If you mention Batman to me, I'll be most likely to think of Michael Keaton, Val Kilmer or Geroge Clooney in the lead role. The Tim Burton / Joel Schumacher era are the Batman films I know best. Indeed, I'll never be able to forget the 1995 film Batman Forever with its baddie Twoface - given that a few days before seeing the film I ended up looking a bit like him, having come off my bike doing something stupid, having cut the face off myself!

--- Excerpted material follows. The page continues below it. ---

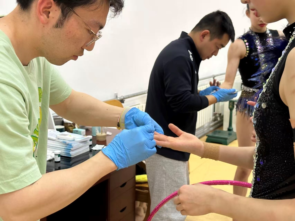体能教练翁凯利给艺术体操队运动员做血乳酸测试
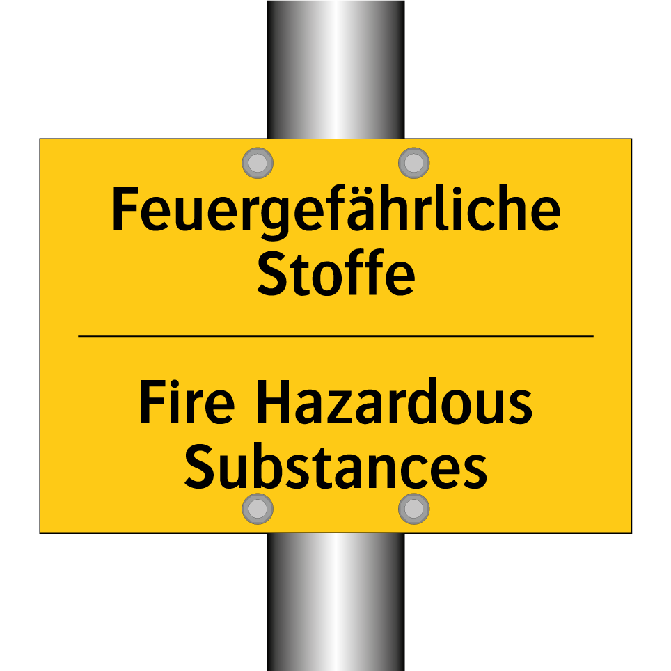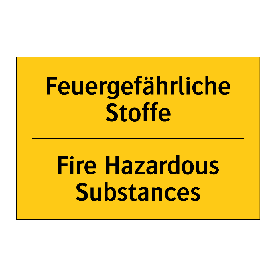 Zweisprachiges Warnschild mit deutschem Text Feuergefährliche Stoffe und englischem Text Fire Hazardous Substances

For some reason, the newest version of Batman, starring Christian Bale had completely passed me by. Batman Begins came out in 2005, followed up by The Dark Knight in 2008, yet I didn't see either of them. I hadn't intended going to see The Dark Knight Rises, which was recently released, but that's where I ended up last weekend with my newly returned brother-in-law.
It probably put me at a disadvantage to just about everyone else in the cinema, as I didn't know the back story; couldn't immediately relate to what had gone before, but as the movie went on, I think I worked out most of it. I've now got both of the first two films to play catch-up, so don't give anything away in the comments!
So what did I make of it? Well, I was impressed by the film - a lot more realistic and less cartoonish than the previous series of Batman movies. The character portrayals were great, and there were a few twists and turns along the way. It was a long film, almost three hours, although it didn't feel like it at the time.
There were the big name stars - Michael Caine as the butler Alfred; Tom Hardy as the sometimes hard-to-make-out Bane; and perhaps the biggest surprise (at least to me, as she's normally only ever seen in those rom-coms) Anne Hathaway as Selina Kyle (Catwoman).
However, the scene that sticks out for me (SPOILER ALERT!), was where Bruce Wayne/Batman is in the pit prison 'Hell on Earth' and manages to escape by ascending the sheer walls and making the leap. You might not have noticed, but when he makes it to the top, he throws down the rope from the outside, which will enable all the other prisoners to be freed.
It's as if Batman, the Dark Knight, rises from the inescapable prison, the place of death, the place where there is no hope; and by his resurrection, he enables others to escape as well.
It seems that all of our stories are but echoes and faint re-tellings of THE story of our salvation; the whole world contains these resonances and longings for a superhero, a saviour, but to put our hope in a man in a costume will ultimately fail. There is a Saviour, and his name is Jesus.